Named for Senator James McMillan, the plan drew heavily from the ideas of Chicago architect Daniel Burnham as well as New York architect Charles McKim, both of whom were responsible for the World’s Columbian Exposition of 1893. That affair took place on Chicago’s South Side and featured an architectural masterpiece known as “The White City.” These were too designers who made grand plans and saw them carried out.
I like to remind people of this not so much because it’s an interesting bit of trivia, which it is, but so I can bring up a dictum often attributed to Burnham: “Make no little plans.”
President Obama comes into office with the highest of hopes behind him and he must, of course, make no little plans. It’s a time of grandeur and nation-changing events, so I feel more than a little timid in penning a bit of advice for the leader of the free world. Nevertheless, I am a citizen of the country and a Jewish writer, so I will respond to the latest batch of advice posted on Jewcy with a bit of my own.
As a Jew I have a very distinct definition of freedom. I have argued this in front of the National Museum of American Jewish History, in front of the Jewish Funders Network, in various publications, and at more dinner parties than I can count. The Jewish concept of freedom is at times very much at odds with the popular American conception.
America is the land of liberty, of freedom from things. Freedom from the government, from the religious beliefs of others, and so on and so forth are the hallmarks of this American view. It’s essentially the freedom to be left alone, more or less, which explains the resistance so many in America across the political spectrum have to government actions and regulatory restrictions.
Judaism envisions a very different type of freedom. If you go back to the story of Exodus, you quickly realize the whole exercise has very little point until the congregation of Israel finds its way to the foot of Mount Sinai. There they receive their marching orders, but in order to fulfill the covenant they first had to be freed. They were free to act, which is an altogether different thing from American liberty, or its popular conception.

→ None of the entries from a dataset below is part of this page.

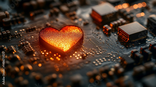 A modern, solid, shiny golden heart resting on a dark circuit board, symbolizing technology meeting emotion, innovation, and digital connectivity, with space for caption on the side.
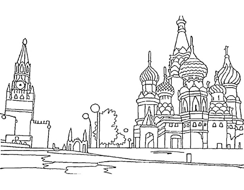 ![Храм Василия Блаженного в Москве рисунок легкий]()
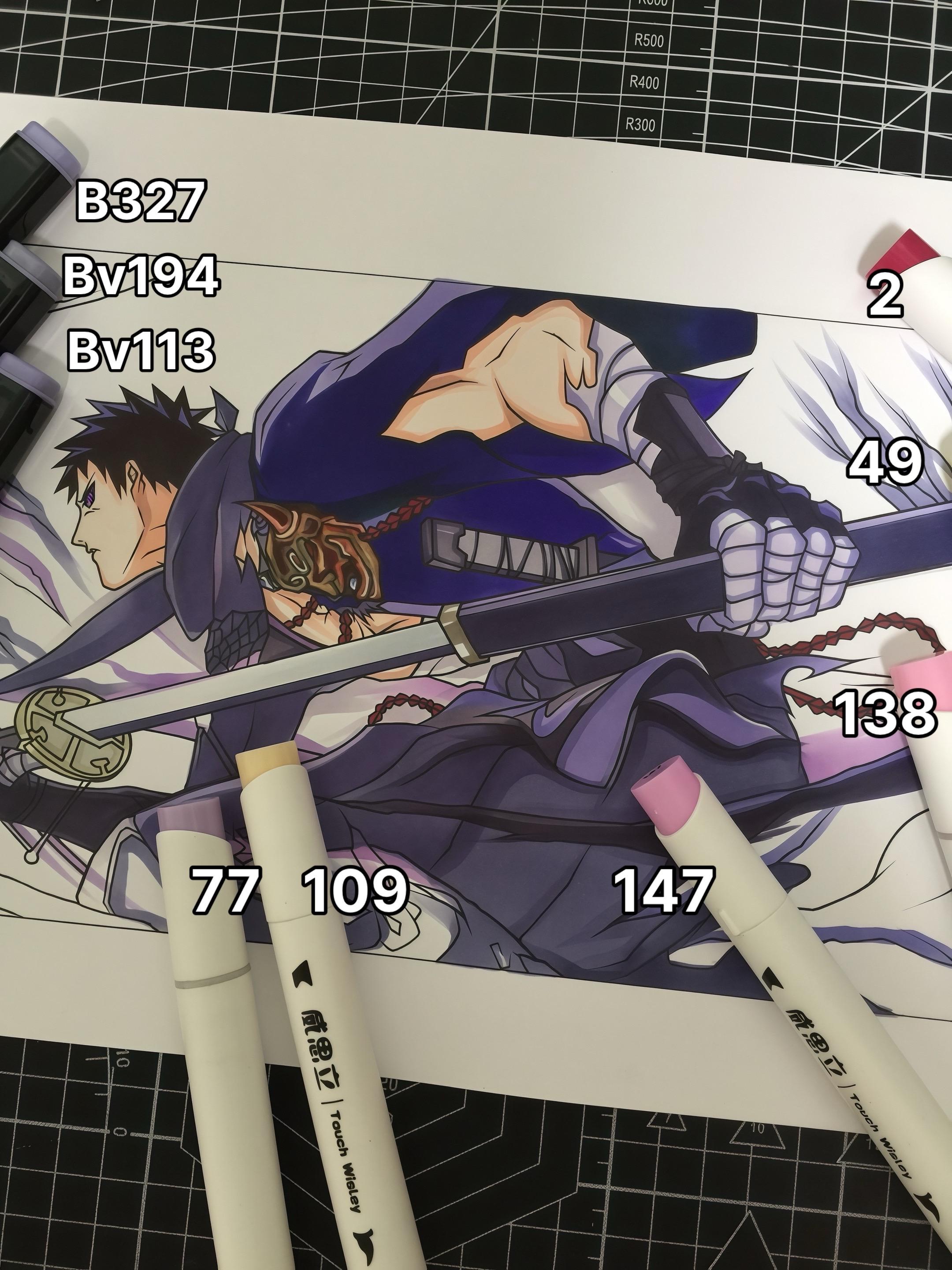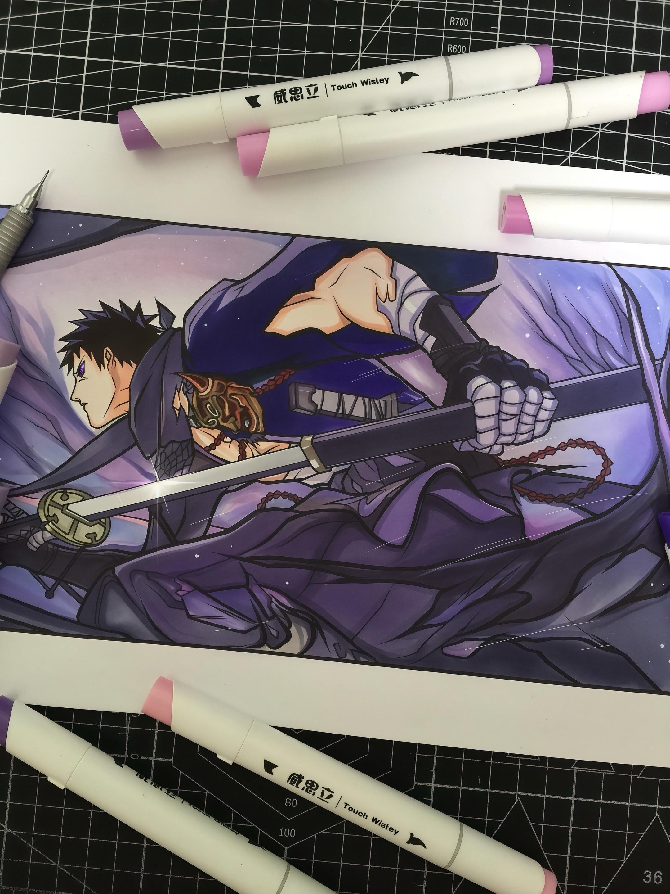 就用手中这把刃 斩尽一切吧! 漂泊带土 手绘 绘画过程图 火影忍者手游 马克笔:威思立一代

This is not uniquely Jewish. The dichotomy between American freedom from outside intrusion and the American conception of citizenship and its obligations has been discussed at length. Yet it is a Jewish idea, nonetheless, and one that Jews are uniquely suited to advocate for. At a time of such national crisis, when our faith in virtually every institution is challenged, and when a popular president has alighted into office, I offer this small morsel of advice.

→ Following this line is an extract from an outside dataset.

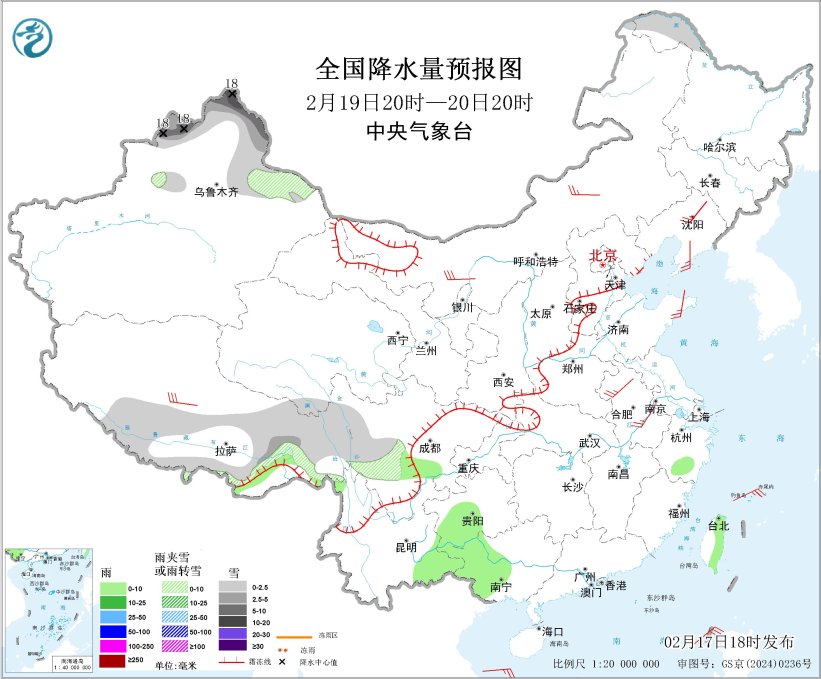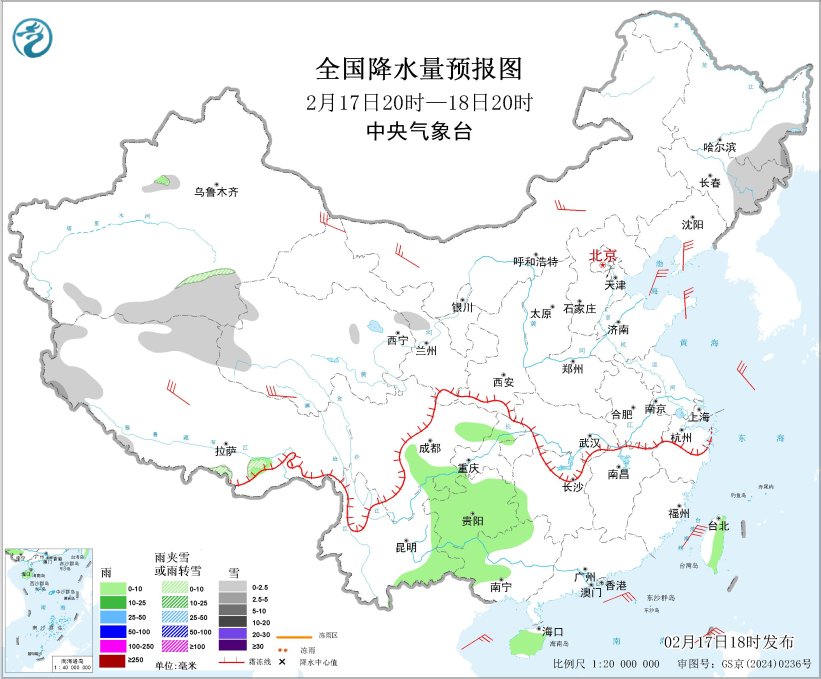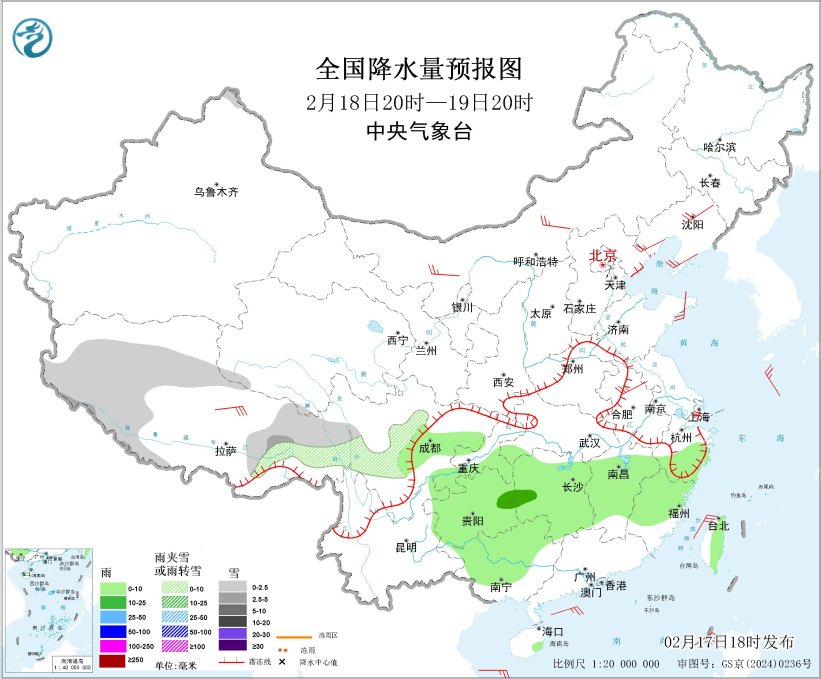 图1 全国降水量预报图(2月17日20时-18日20时)

Champion citizenship, Mr. President. Your inaugural address certainly leaned in this direction, but please go further and never let up from this theme. Advocate for an America oriented away from the freedom to be left alone and instead centered around the obligation to act with our freedom for the betterment of all. This is vague, perhaps. This is easy advice to administer and hard advice to carry out, yes. But there may not be any more important element to our national renewal than this. If every American felt an obligation to serve in some capacity, if their freedom was not an excuse to cheerlead for American exceptionalism but instead a burden that could only be lifted by proving America’s exceptional capacity for progress, then our horizons might extend forever.

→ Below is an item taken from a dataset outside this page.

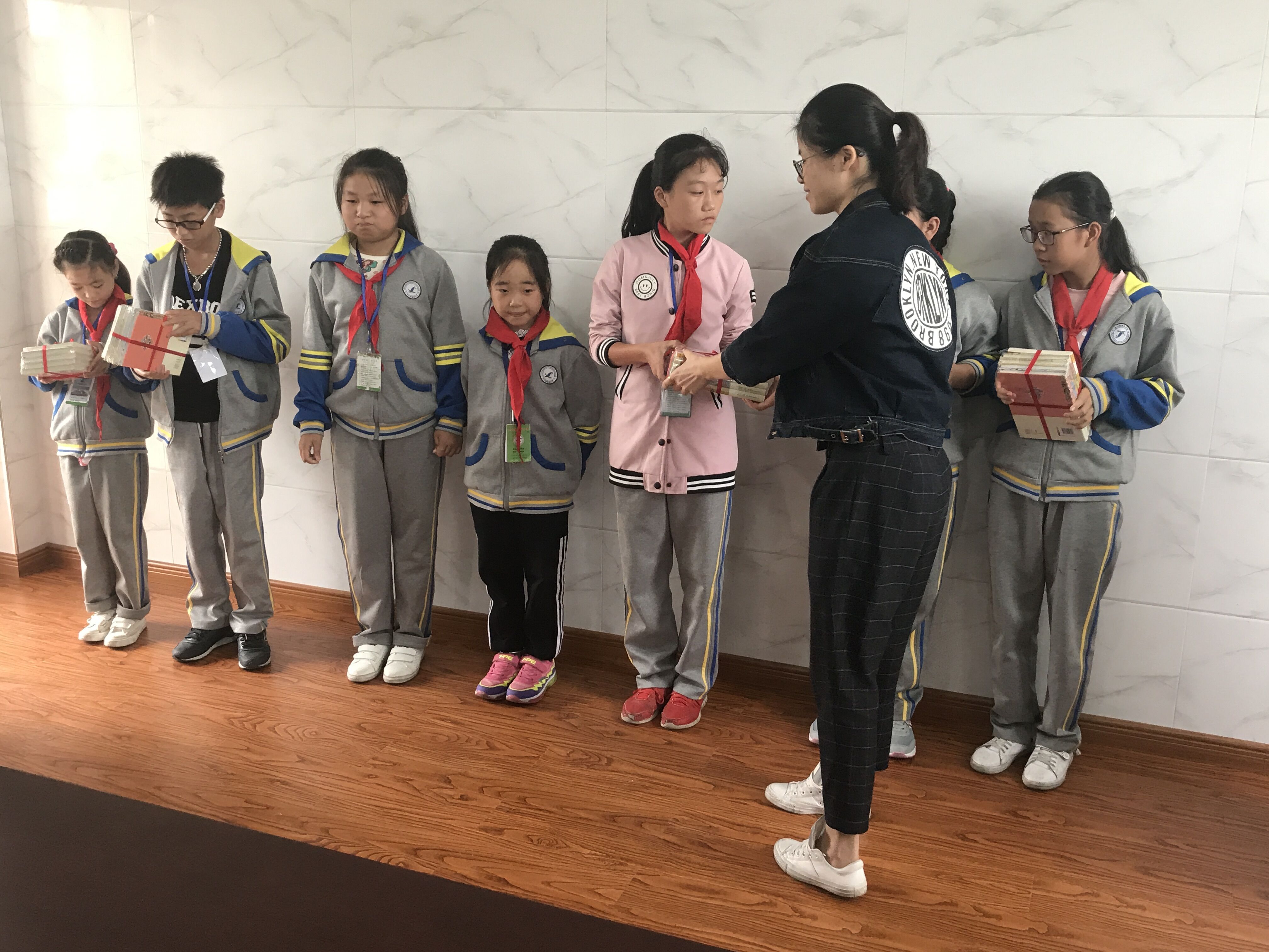 集团团委代表与金乡四小、大渔小学的多名学生进行了深入的沟通,对孩子们的近况进行了解,询问了他们生活之所需、学业之所困、心理之所愿、理想之所在。他们当中的好几位已从小学升至初中,部分学生家庭贫困情况仍然十分棘手。比如来自大渔镇学校的陈立柱,父亲已逝,母亲常年眼病无法治愈,家里唯一的劳动力是一个双腿患疾的爷爷,平时做点农活维持家用。年幼的孩子并不知道家庭的贫困情况对他意味着什么,他们天真的眼神让我们这些“大哥哥大姐姐”更多了一份怜爱和辛酸。
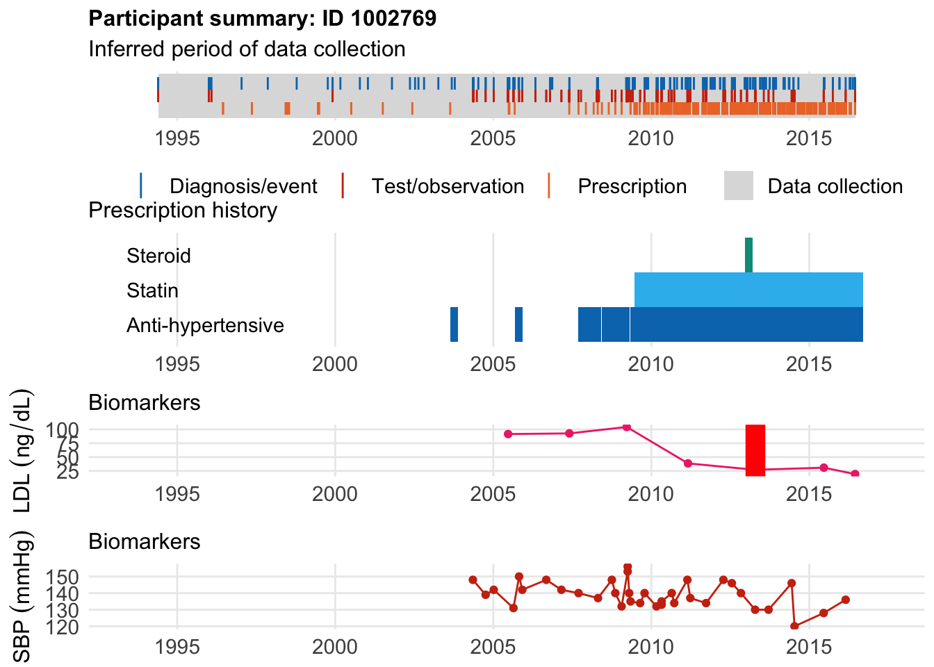 People are complicated. Look at this transition through lifestages for an individual based on diagnostic codes, lab data, and biomarkers. We look at this example overlaying biomarkers for Diabetes.

Only in such circumstances would the American idea, the only thing that binds us together as a nation in all of our diversity, light tomorrow. Only then might America do something other than ride into the sunset. Let the Jewish voice be heard on this matter, and let your voice, Mr. President, join with ours. It is no small plan, but as with Chicago in 1893, and as with the city in which you now reside, the capital of the nation you now lead, no small plan is worth making.